In one specific embodiment, the ratio of the carrier frequency of the motor to the first preset rotation speed is set as an upper limit value of a carrier ratio optimization interval for carrying out carrier ratio optimization control in the first rotation speed interval. That is to say, the carrier ratio a of the motor is obtained by calculating the ratio of the carrier frequency w of the motor to the first preset rotating speed value, the carrier ratio a is set as the upper limit value of the carrier ratio of the current carrier ratio optimization interval, the lower limit value of the carrier ratio is set as b, the carrier ratio optimization interval is [ b, a ], and 1< b < a.

In the carrier ratio optimizing interval, the motor searches for the carrier ratio which enables the input power of the motor control system to be minimum, namely the optimal carrier ratio, in a certain step length, and after the optimal carrier ratio is obtained, the carrier ratio is kept unchanged in the corresponding speed interval.

In a specific embodiment, controlling the motor to decrease the carrier ratio by a preset step in the carrier ratio optimization interval to obtain the carrier ratio that minimizes the input power of the control system of the motor may specifically include: after controlling the motor to reduce the carrier ratio by a preset step length, judging whether the obtained carrier ratio is smaller than the lower limit value of the carrier ratio optimizing interval; if the carrier ratio obtained by judgment is smaller than the lower limit value of the carrier ratio optimizing interval, determining the carrier ratio which enables the input power of the control system of the motor to be minimum as the lower limit value; if the carrier ratio obtained by judgment is not less than the lower limit value of the carrier ratio optimizing interval, calculating the current input power, and determining the carrier ratio which enables the input power of the control system of the motor to be the minimum according to the magnitude relation between the current input power and the input power before the carrier ratio is reduced; if the current input power is larger than the input power before the carrier ratio is reduced, determining that the carrier ratio which enables the input power of the control system of the motor to be the minimum is the sum of the reduced carrier ratio and the preset step length, and if the current input power is smaller than or equal to the input power before the carrier ratio is reduced, continuing reducing the carrier ratio by the preset step length.

For example, the input power of the control system at this time is calculated as an input power initial value p1, then the motor decreases the carrier ratio by m as a step, the carrier ratio at this time is obtained as x, if x is less than b, the optimal carrier ratio c is directly made to be b, otherwise, the input power p of the control system at this time is calculated and compared with the input power (i.e., the input power initial value) p1 of the carrier ratio at the last step.
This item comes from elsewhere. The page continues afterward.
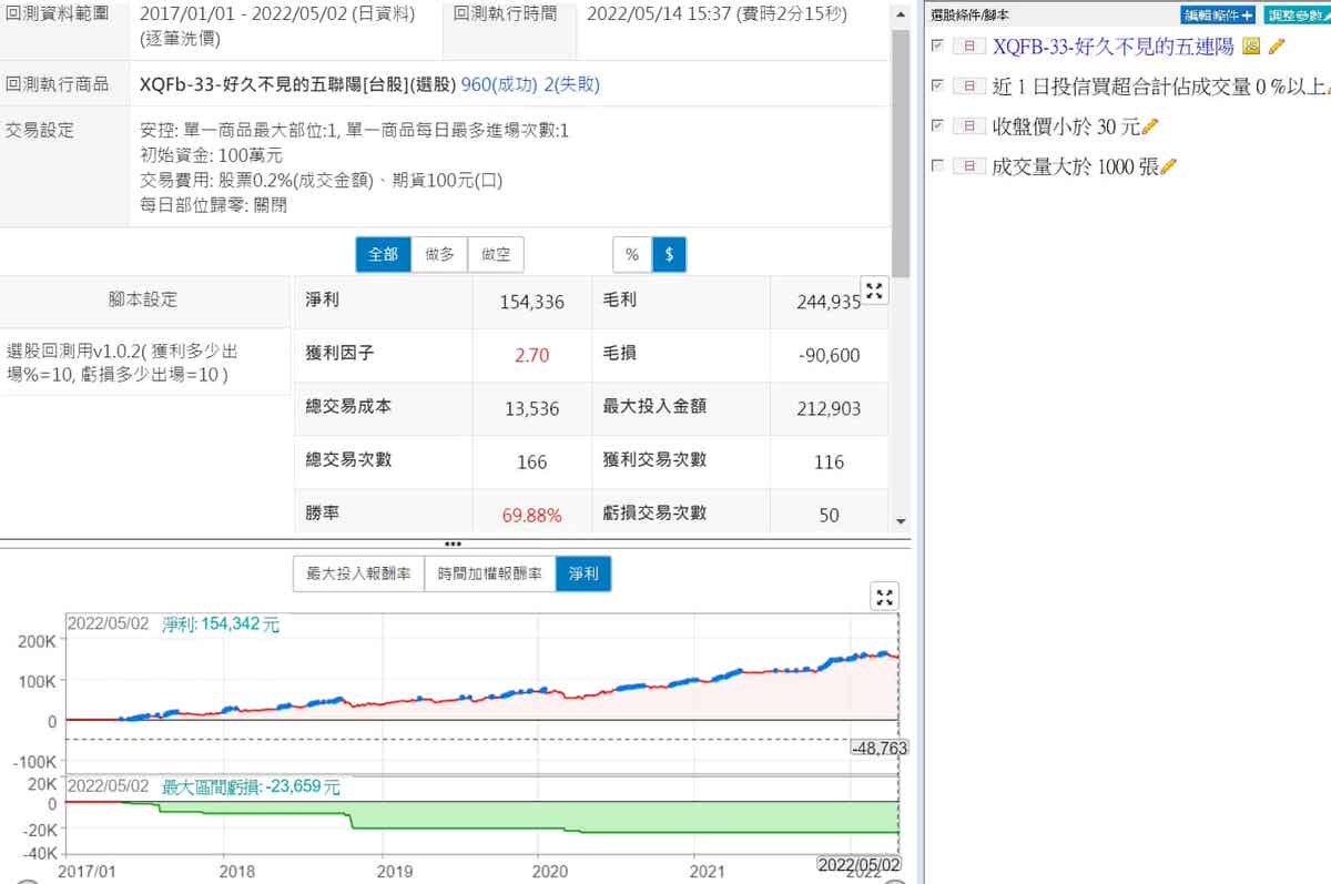策略可調整地方並不多,將近一日投信買超占成交量降為0%,並增加價格限制在30以下,沒想到這樣簡單的調整,淨利就可一路向上,勝率一下增加到69.88%,五年報酬率72.5%,等於一年有14.5%報酬率,很不錯了

If p is greater than p1, it is stated that the input power cannot be reduced by reducing the carrier ratio at this time, then the optimal carrier ratio c is obtained and the operation is performed in this speed range with the carrier ratio c, otherwise, if p is less than or equal to p1, the next determination of the long carrier ratio is performed by making p1 equal to p.

Step S113, for each rotation speed interval after the first rotation speed interval, determining a carrier ratio optimization interval for performing carrier ratio optimization control according to a carrier ratio obtained in a previous rotation speed interval and enabling the input power of the control system of the motor to be the minimum, and controlling the motor to reduce the carrier ratio by a preset step length in the carrier ratio optimization interval to obtain a carrier ratio enabling the input power of the control system of the motor to be the minimum.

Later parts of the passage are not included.